Aucune de ces sensations n’exige la vitesse. Toutes exigent la présence.

La vitesse grise un instant ; la justesse d’un geste réjouit à chaque virage.

Réapprendre à conduire

Le plaisir se cultive. Voici quelques gestes pour le retrouver :

  1. Coupez les aides superflues sur route connue et dégagée, pour sentir de nouveau la voiture.
  2. Regardez loin, au point de corde et au-delà, jamais le capot.
  3. Anticipez les rapports plutôt que de les subir, en accord avec le relief.
  4. Roulez à allure de plaisir, pas de record : la marge est le luxe du conducteur serein.
  5. Choisissez la route, jamais la plus rapide, toujours la plus belle.

Ces réflexes ne demandent ni circuit ni permis spécial. Ils demandent seulement de décider que le trajet compte.

Le luxe d’être présent

Au fond, conduire pour le plaisir, c’est refuser que le déplacement soit un temps mort. C’est la même exigence qui fait préférer un beau voyage à un simple transfert, ou qui pousse l’amateur d’horlogerie à choisir une mécanique vivante quand un quartz suffirait à donner l’heure. Dans les deux cas, on paie une présence, non une fonction. C’est aussi une discipline contre la distraction ambiante : au volant, on ne peut être qu’à une seule chose, et cette contrainte devient un repos. Le téléphone se tait, l’esprit se range, la route occupe tout l’espace. Beaucoup de conducteurs le disent sans le formuler : leurs meilleures pensées leur viennent en roulant, précisément parce qu’ils ne pensent à rien d’autre.

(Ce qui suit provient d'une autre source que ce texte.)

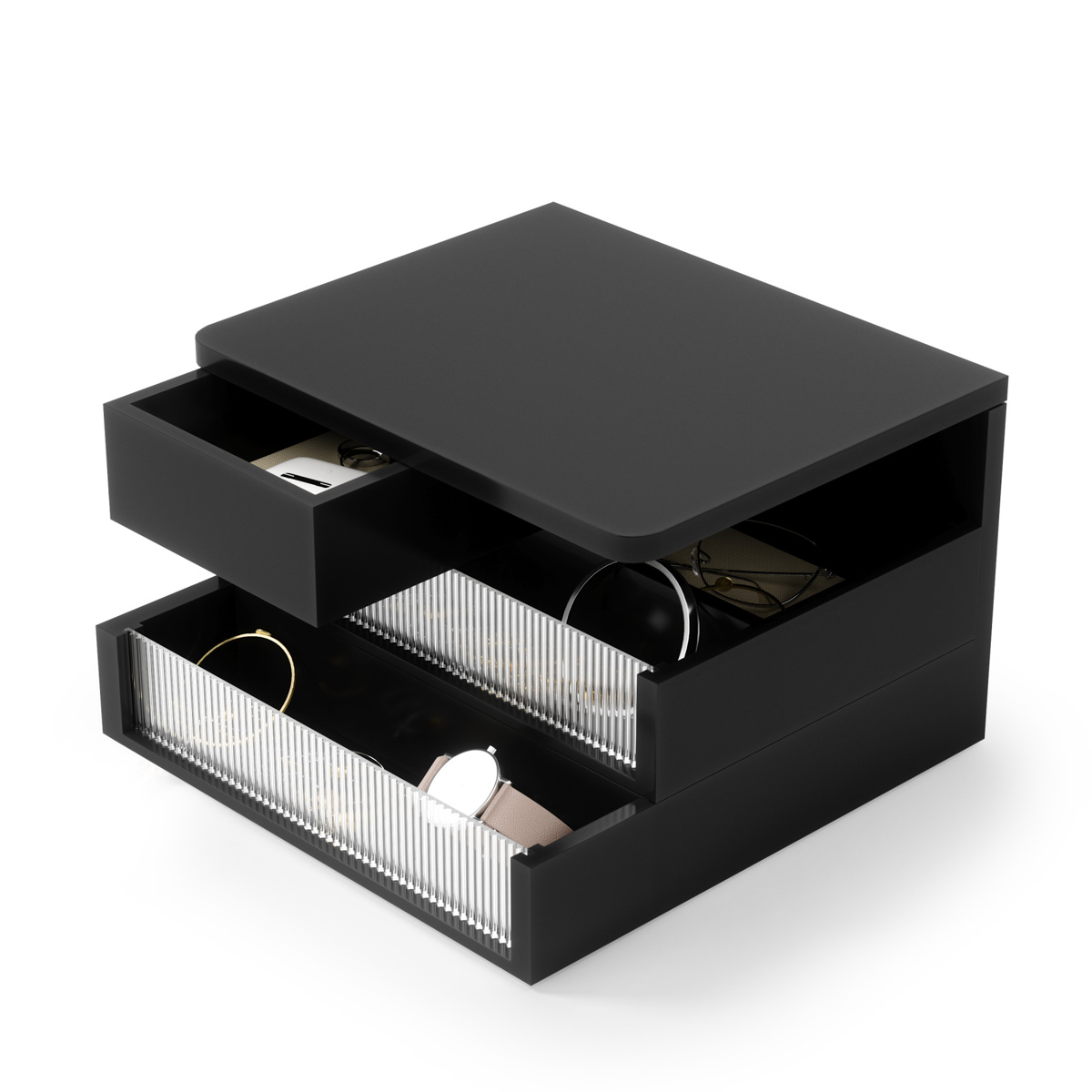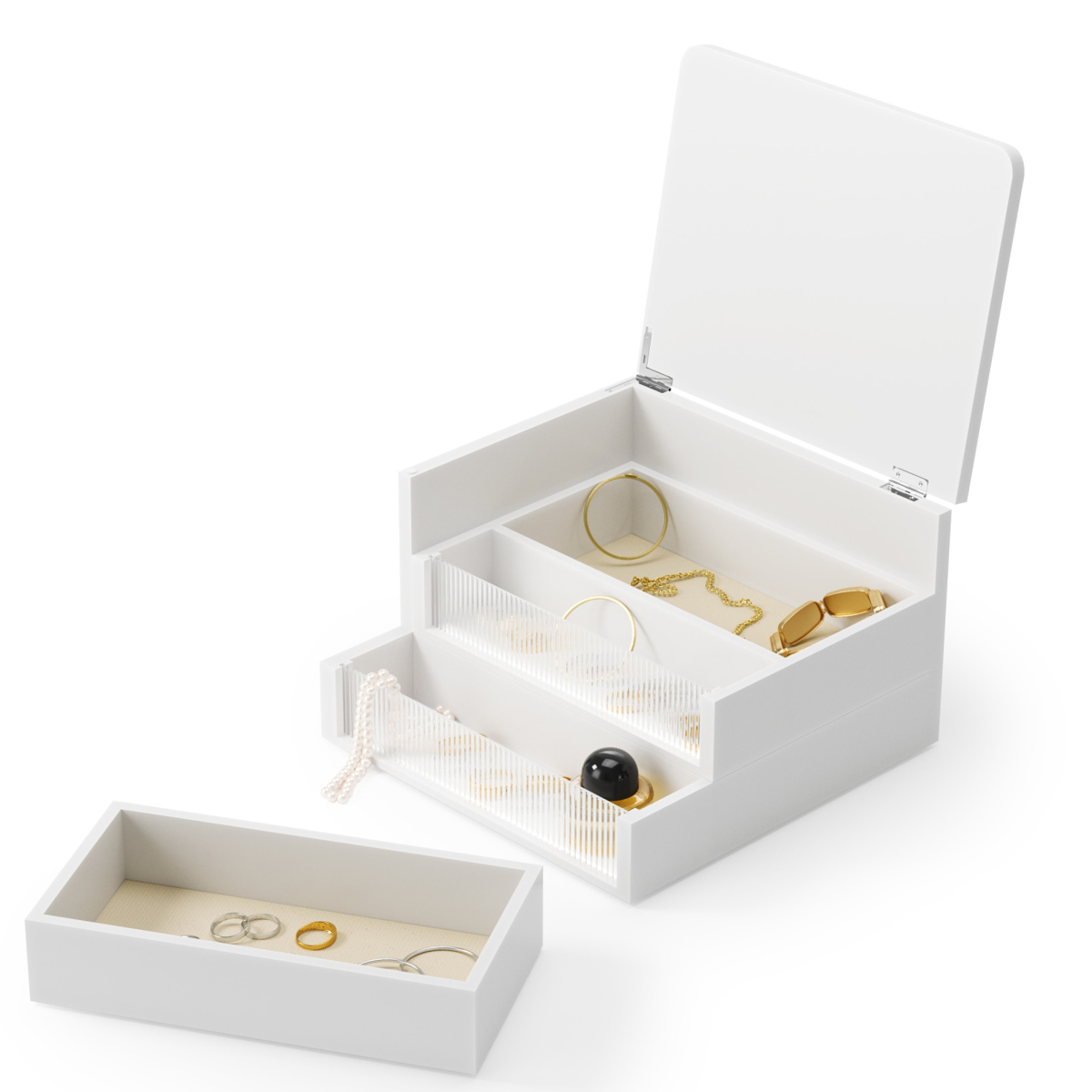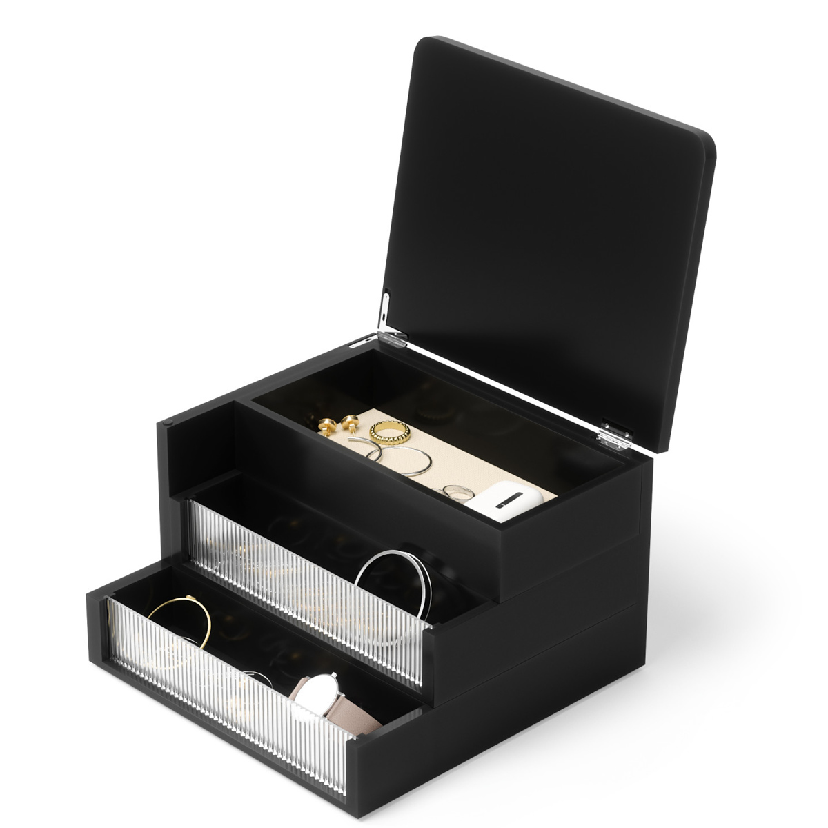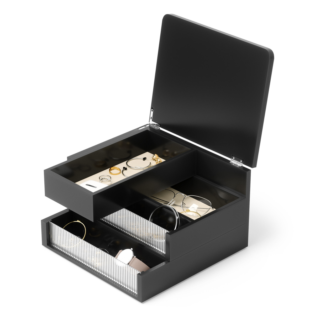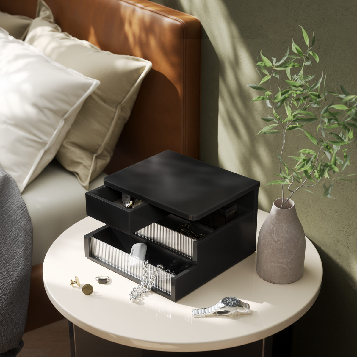 ボックスが3段重なる構造で、リング・ネックレス・腕時計などを分けて収納できます。絡まりや傷を防ぎながら、すっきり整理できます。

La voiture autonome nous rendra du temps ; à nous de savoir que nous perdrons autre chose. Le plaisir de conduire n’est pas un caprice de nostalgique : c’est l’une des dernières manières, dans une vie appareillée, d’être pleinement là où l’on est. Il serait dommage de la déléguer sans même l’avoir connue.

Questions fréquentes

Le plaisir de conduire va-t-il disparaître avec la voiture autonome ?

Pas disparaître, mais se déplacer. La délégation de conduite libérera l'automobile du quotidien contraint — embouteillages, trajets utilitaires — sans supprimer le désir de conduire soi-même. Le plaisir deviendra un choix plutôt qu'une nécessité, comme monter à cheval quand la voiture existe déjà. Il faudra sans doute des routes et des moments dédiés. Mais l'envie de tenir soi-même le volant, elle, ne se programmera pas.

Faut-il une voiture puissante pour prendre du plaisir au volant ?

Non, et c'est même souvent l'inverse. Une petite voiture légère, exploitée près de ses limites raisonnables, procure davantage de sensations qu'une supercar bridée par le code. Le plaisir naît de l'engagement, pas de la cavalerie : sentir un châssis vivant, une direction qui parle, un moteur que l'on tend. Beaucoup de conducteurs découvrent tardivement qu'ils s'amusaient plus dans leur première auto modeste que dans la routière puissante qui a suivi.

Comment réapprendre à savourer la conduite ?

En ralentissant, paradoxalement. Choisissez une route sinueuse et déserte, coupez la musique, désactivez les aides non essentielles et concentrez-vous sur trois choses : le regard porté loin, la douceur des transitions, la justesse des rapports. Roulez en dessous de vos limites pour garder de la marge et de la lucidité. Le plaisir revient vite, dès qu'on cesse de subir le trajet pour l'habiter. C'est affaire d'attention, pas de vitesse.